"""

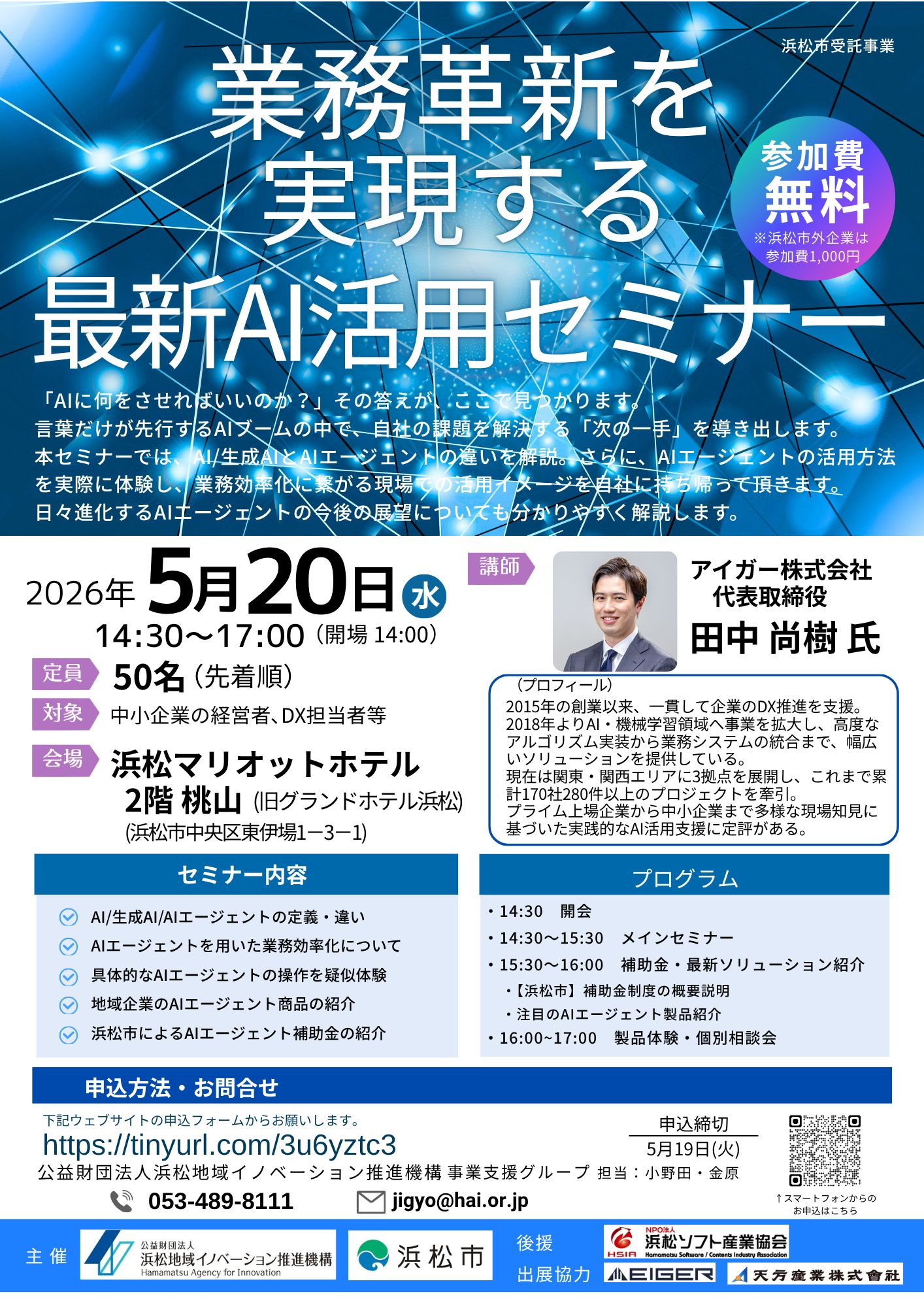 2026年04月24日【参加募集】5/20「業務革新を実現する最新AI活用セミナー」開催のお知らせ
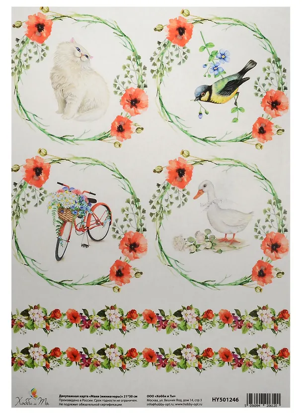 Декупажная карта Маки (миниатюры) (HY501246) (21х30см)
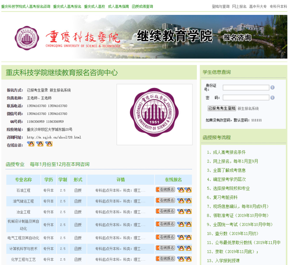 1.重庆科技学院官网http://www.cqust.edu.cn/教育教学→继续教育;
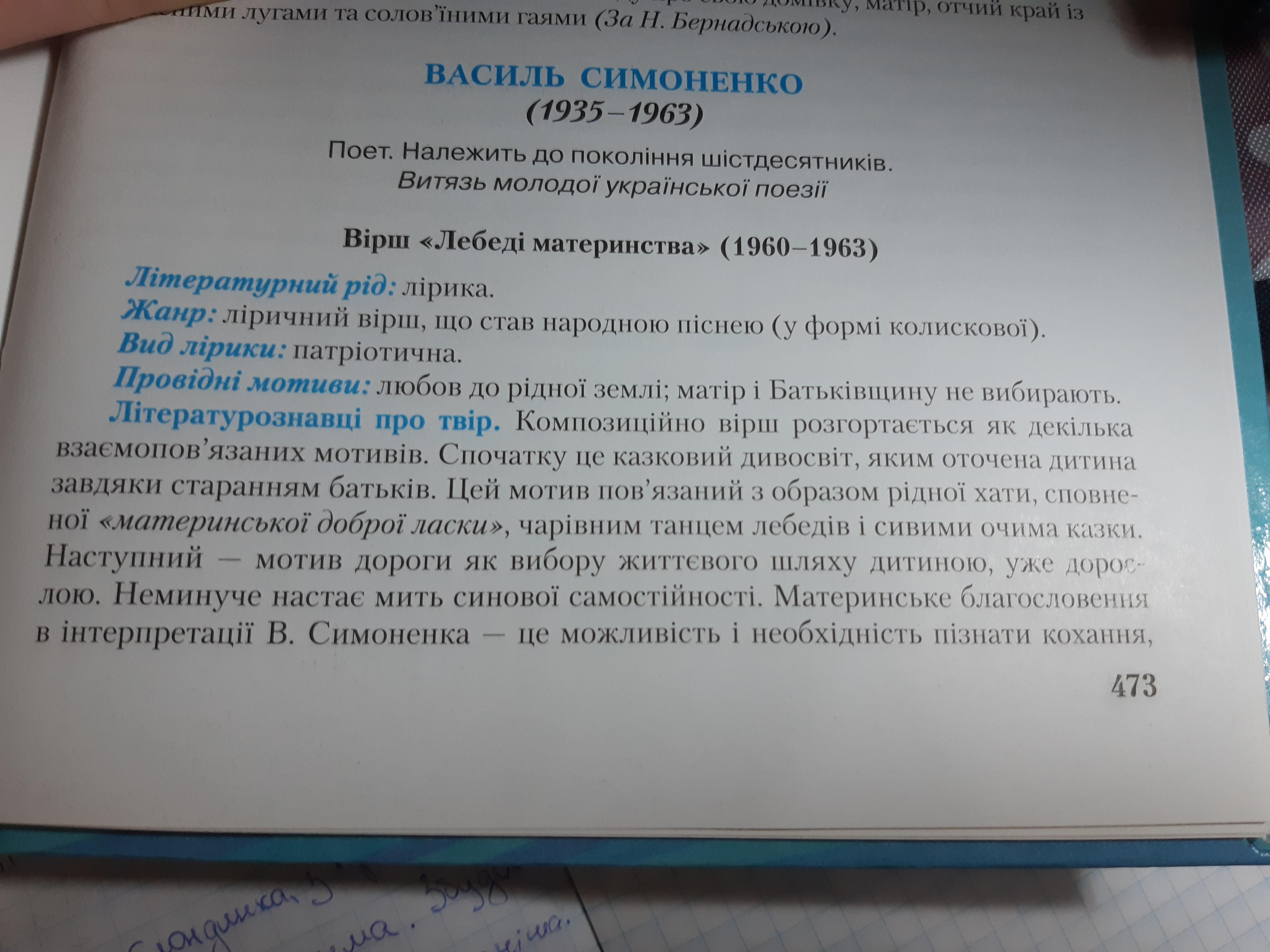 Рід Жанр вид лірики тема та ідея художні засоби метафори анафори й вид римування до вірша "Лебеді материнства"
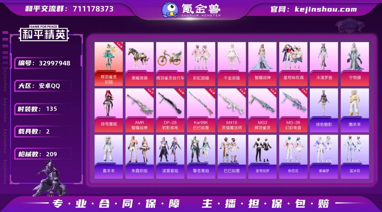 【kyhp1498】安卓 手Q-1神装-7粉装-6特效枪-2载具-9粉色飞行器-72438热力值-3王牌印记-135套装-209枪皮 【红色神装等级】:辉羽雀灵-初翊(三级) 【红色角色神装】:辉羽雀灵-初翊 【粉色套装】:粉装-彩虹甜喵,角色-千金淑猫,角色-智耀战神,粉装-星穹咏叹调,角色-冷漠罗丽,角色-宁雨蝶,角色-绯穹魔姬 【粉色枪皮等级】:M416-灵猫魔法师(三级),Kar98K-巳巳如意(五级),AMR-智耀战神(七级),DP-28-豹影疾电(五级),MG3-辉羽雀灵(三级),MG-36-幻彩电音(一级) 【粉色载具】:黑曜夜骑,辉羽雀灵自行车 【粉色枪皮】:M416-灵猫魔法师,Kar98K-巳巳如意,AMR-智耀战神,DP-28-豹影疾电,MG3-辉羽雀灵,MG-36-幻彩电音 【粉色飞行器】:炫彩糖果飞行器,星夜魔法师飞行翼,太空嘟嘟飞行器,绯果甜心飞行器,雀灵庇佑飞行器,御兔特攻飞行器,时光之吻飞行器,终晖之翼飞行器,灵猫魔法师飞行器 【粉色降落伞】:春暖花开降落伞,梦幻火箭降落伞,阿狸红降落伞,洛神天依降落伞,碧影闪光降落伞,庄周梦蝶降落伞,橘柚倾心降落伞,垂柳戏鸭降落伞,彩虹甜喵降落伞,旋转彩虹降落伞,暗夜鎏金降落伞,音爆索尼克降落伞,猪猪侠降落伞,智耀战神降落伞,圣斗士星矢降落伞,绯...
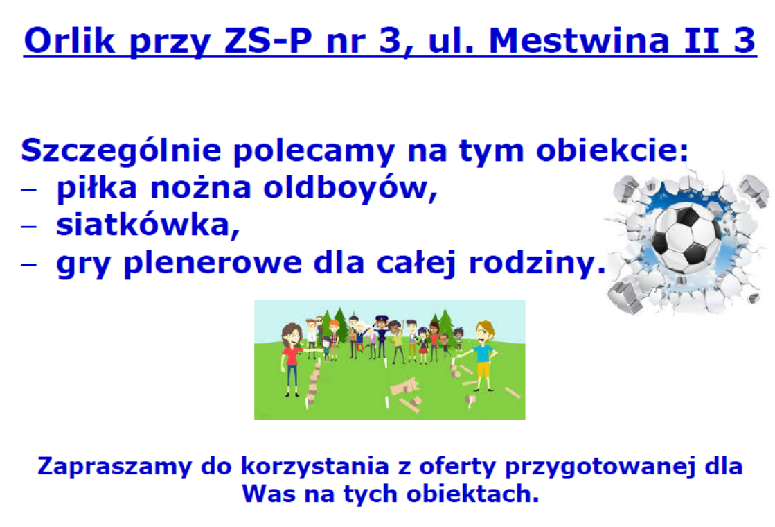 Zachęcamy do zapoznania się z ofertą, najlepiej bezpośrednio u Animatorów na obiektach sportowych.
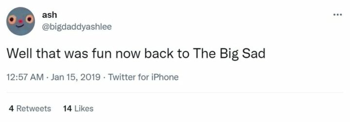 29) “Well, that was fun now back to The Big Sad.”
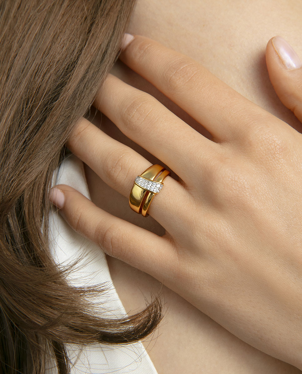 Anillo de plata de primera ley con baño de oro simil doble
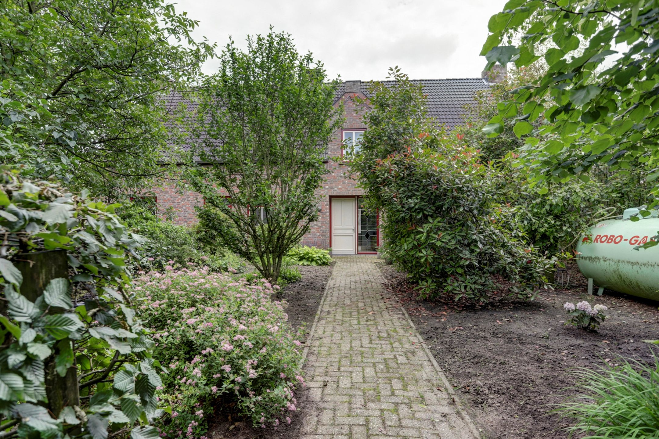 De tuin die direct achter de woning ligt is als het ware afgescheiden van de rest van het perceel. Om een soort Carréboerderijsfeer te creëren is dit gedeelte bijna helemaal ommuurd en op deze manier wordt ook de privacy gewaarborgd als er klanten van de praktijk of hondenschool op het terrein komen. Het grootste gedeelte van de tuin bestaat uit gazon waarop twee hondenrennen zijn gemaakt. Aan de zijkant van het huis ligt een groot terras en direct achter de woning is een open haard gemaakt die wel even wat aandacht nodig heeft. Er is ook een houtopslag aanwezig. De rest van het perceel is opgedeeld in diverse weilanden en geheel omzoomd met bomen en struiken. In een van de weilanden staan verschillende fruitbomen, waaronder appelbomen, perenbomen, kersenbomen, pruimenbomen en notenbomen. In het weiland voor de woning ligt een enorme vijver. Het hele perceel is omheind behalve een klein stukje bos dat helemaal vooraan op het perceel ligt. De sloot langs de omheining hoort ook nog bij het perceel en moet onderhouden worden. Bij de parkeerplaats voor de woning ligt het pomphuis met de 70 meter diepe grondwaterpomp die dient als de watervoorziening van het hele terrein.
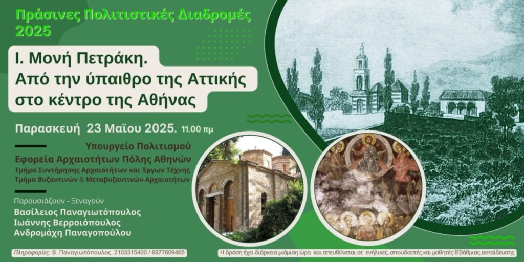 Πραγματοποιήθηκε την Παρασκευή 23 Μαΐου 2025 η εκδήλωση της Εφορείας Αρχαιοτήτων Πόλης Αθηνών, «Μονή Πετράκη. Από την ύπαιθρο της Αττικής στο κέντρο της Αθήνας», στο πλαίσιο της επικοινωνιακής δράσης, «Πράσινες Πολιτιστικές Διαδρομές» του Υπουργείου Πολιτισμού. Η εκδήλωση έλαβε χώρα στο Καθολικό της Ι. Μονής Αγίων Ασωμάτων Πετράκη, παρουσία του Αρχιεπισκόπου Αθηνών και Πάσης Ελλάδος Ιερωνύμου Β’. Υλοποιήθηκε από το Τμήμα Συντήρησης Αρχαιοτήτων & Έργων Τέχνης και το Τμήμα Βυζαντινών & Μεταβυζαντινών Αρχαιοτήτων και Μουσείων της Εφορείας Αρχαιοτήτων Πόλης Αθηνών. Περιλάμβανε ξενάγηση και παρουσίαση με ψηφιακά μέσα της ιστορικής διαδρομής της Μονής, από την φύση της Αττικής υπαίθρου κατά τα βυζαντινά χρόνια, έως τον σύγχρονο αστικό πολεοδομικό ιστό. Επίσης ανιχνεύτηκε η διασύνδεση της ιστορίας του μνημείου με εκείνη της πόλης της Αθήνας και της νεότερης Ελλάδας και η συμβολή της Μονής στην νεότερη πολεοδομική διαμόρφωση της πρωτεύουσας. Δόθηκε έμφαση στα ιστορικά στοιχεία που αντλούμε από τις πηγές που βρίσκονται επί τόπου ή προέρχονται από τον χώρο της Μονής, ενώ έγινε ιδιαίτερη αναφορά στη συμμετοχή του ζωγραφικού διακόσμου στην αποτύπωση της διαχρονίας της.
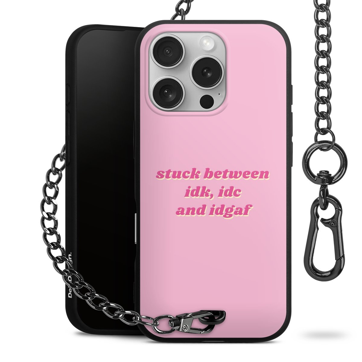 - Mattschwarze Handyhülle mit Metallkette
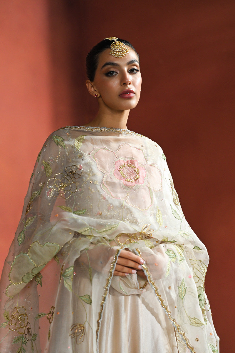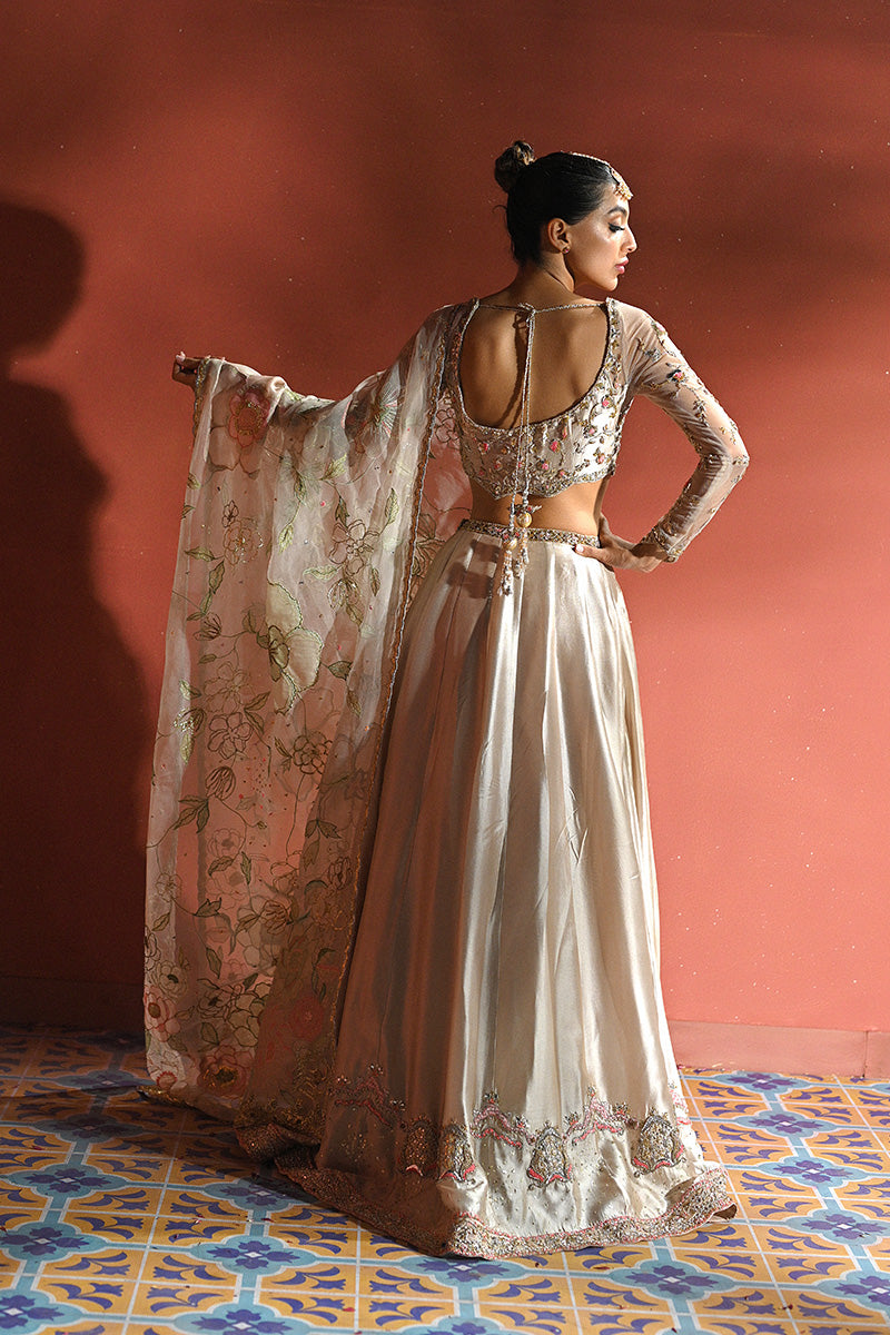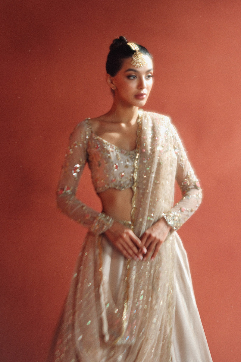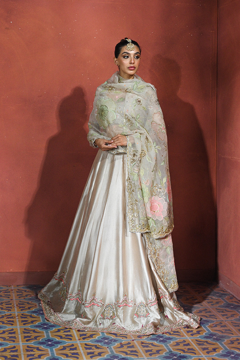 This elegant lehenga set features a pure sheesha silk blouse with Zardozi and kora dabka embroidery. The matching lehenga, also in pure sheesha silk, showcases similar embellishments with added kesham French knots. The set includes two dupattas: the first in organza with detailed applique work, sequence spray, hammer work, and scalloped edges, while the second is a net dupatta with a heavy spray and scalloped hem swirls. This ensemble blends traditional craftsmanship with modern elegance, perfect for any special occasion.

"""

= PROBLEM STATEMENT =
An exact copy is needed of the stretch above that opens with the line containing "Декупажная карта Маки" and closes with the line containing "Zachęcamy do zapoznania"; the pictures are not part of it.

= SOLUTION TO THE PROBLEM =
 Декупажная карта Маки (миниатюры) (HY501246) (21х30см)
 1.重庆科技学院官网http://www.cqust.edu.cn/教育教学→继续教育;
 Рід Жанр вид лірики тема та ідея художні засоби метафори анафори й вид римування до вірша "Лебеді материнства"
 【kyhp1498】安卓 手Q-1神装-7粉装-6特效枪-2载具-9粉色飞行器-72438热力值-3王牌印记-135套装-209枪皮 【红色神装等级】:辉羽雀灵-初翊(三级) 【红色角色神装】:辉羽雀灵-初翊 【粉色套装】:粉装-彩虹甜喵,角色-千金淑猫,角色-智耀战神,粉装-星穹咏叹调,角色-冷漠罗丽,角色-宁雨蝶,角色-绯穹魔姬 【粉色枪皮等级】:M416-灵猫魔法师(三级),Kar98K-巳巳如意(五级),AMR-智耀战神(七级),DP-28-豹影疾电(五级),MG3-辉羽雀灵(三级),MG-36-幻彩电音(一级) 【粉色载具】:黑曜夜骑,辉羽雀灵自行车 【粉色枪皮】:M416-灵猫魔法师,Kar98K-巳巳如意,AMR-智耀战神,DP-28-豹影疾电,MG3-辉羽雀灵,MG-36-幻彩电音 【粉色飞行器】:炫彩糖果飞行器,星夜魔法师飞行翼,太空嘟嘟飞行器,绯果甜心飞行器,雀灵庇佑飞行器,御兔特攻飞行器,时光之吻飞行器,终晖之翼飞行器,灵猫魔法师飞行器 【粉色降落伞】:春暖花开降落伞,梦幻火箭降落伞,阿狸红降落伞,洛神天依降落伞,碧影闪光降落伞,庄周梦蝶降落伞,橘柚倾心降落伞,垂柳戏鸭降落伞,彩虹甜喵降落伞,旋转彩虹降落伞,暗夜鎏金降落伞,音爆索尼克降落伞,猪猪侠降落伞,智耀战神降落伞,圣斗士星矢降落伞,绯...
 Zachęcamy do zapoznania się z ofertą, najlepiej bezpośrednio u Animatorów na obiektach sportowych.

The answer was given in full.